Sophie tilted her head as if considering my words. "True, but sometimes you get what you pay for."

Her point made, she sipped at her tea.

Waiting.

She studied me, lingering on my eyes, my mouth, my hands, making me feel exposed. The heated invitation in her gaze was clear: she wanted what I wasn’t yet offering. But I was damned close.

Holding her earlier at the fire pit had set me on edge, leaving me wanting nothing more than to make her mine.

Slowly eroding my good sense and all of the reasons I shouldn’t indulge.

Visions of taking her by the fire had sent a pounding pulse to my groin that was difficult to ignore.

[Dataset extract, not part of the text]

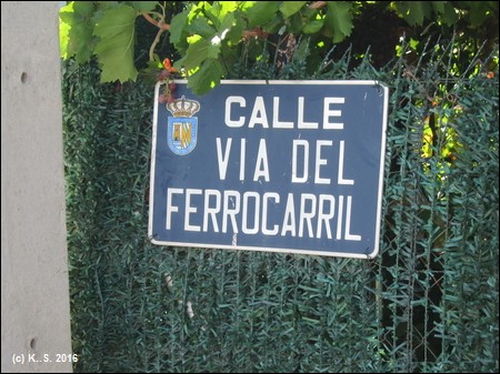 Man folgt der Straße, dann dem breiten Fahrweg in östlicher Richtung. Der Charakter einer Bahntrasse ist unübersehbar. Pelayos de la Presa ist schnell erreicht, hier hat man Gewissheit:
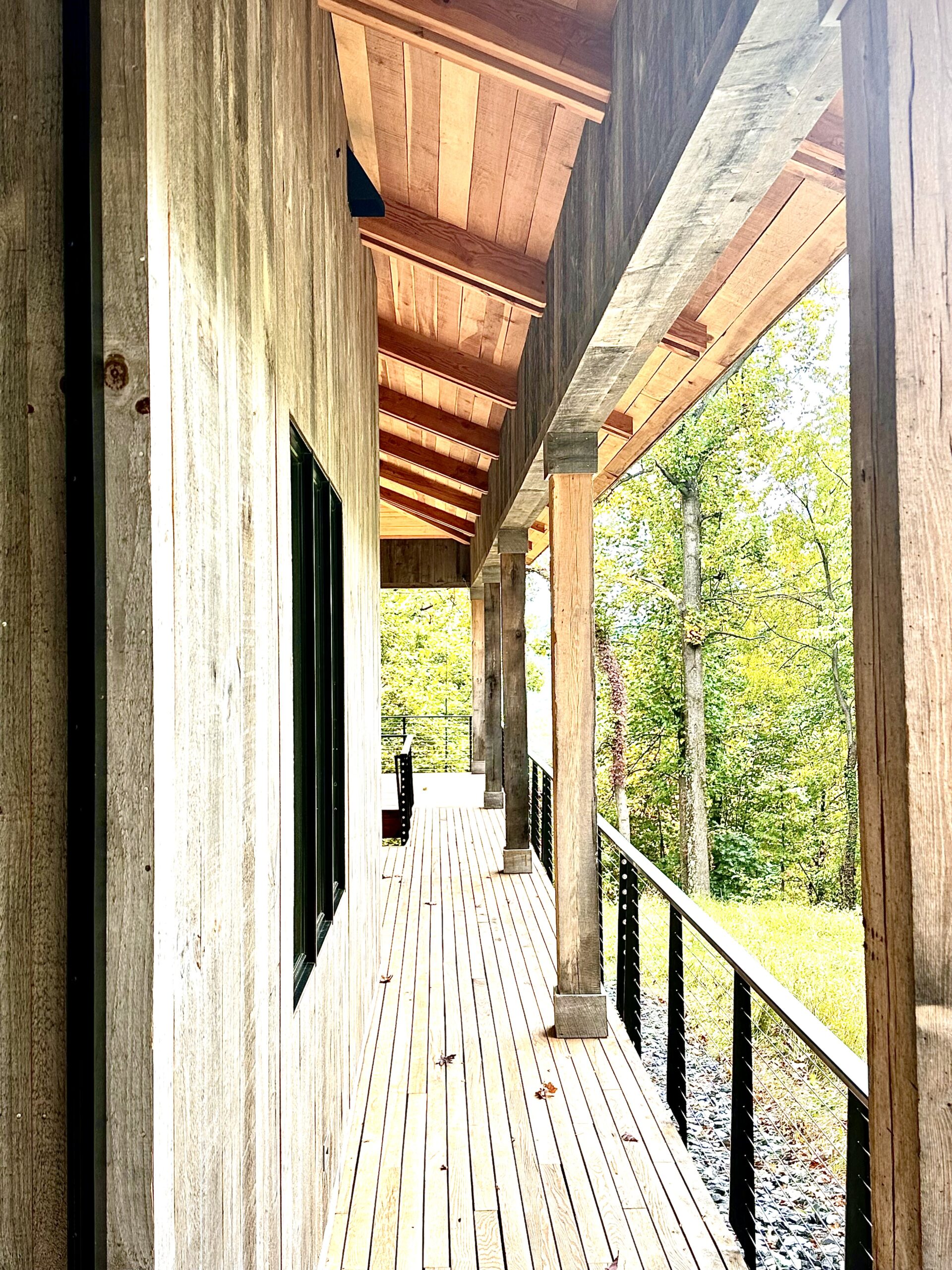 However, realizing this vision meant confronting challenges, chief among them the need to navigate the delicate balance between progress and preservation. To make room for the footprint of the structure, several specimen oak trees had to be removed—a decision not taken lightly. Yet, in a testament to our commitment to sustainability and local craftsmanship, these trees were meticulously milled, kiln-dried, and repurposed as porch columns and decking, infusing the home with a sense of history and heritage.

I wanted to lick the salty remains of her desire from her skin, plunge into her until we were both satiated, boneless with contentment.

Losing myself in her would feel so good, if only it didn’t also make me risk losing my head.

The moment of challenge between us stretched, my pulse swelling beneath my skin, like a second more of her attention, and I'd burst from the chains of my control. Go after what I wanted ruthlessly. Did she have any idea that she was baiting a bear?

I shifted in my seat, as if that would ease the tension.

The Sophie I thought I knew would have broken immediately, chattering away about the first thing that came to mind.

Her silence made me nervous. Usually, I could count on Sophie to break the ice and set the tone.

But the woman in front of me seemed to sense that something bigger was in play.

Did I trust her to accept me as I was, or would she grow frustrated when I screwed up?

Messing up was in my DNA.

My track record spoke for itself.

I gulped my tea, wishing the chamomile could erase my uncomfortable feelings. I drained my cup.

"Speaking of paying for things, I've got to get some sleep, or I'll be paying for it tomorrow. 'Night, Sophie."

I kept my tone gentle, but the disappointment flashing across her face still made me want to call the words back.

Sophie was brave. Braver in ways I'd never given her credit for.

But I couldn't help my cowardly impulses.

They'd kept me safe. Taking a chance on Sophie Dunham would likely lead to disaster.

We'd already had more than enough of those for one week.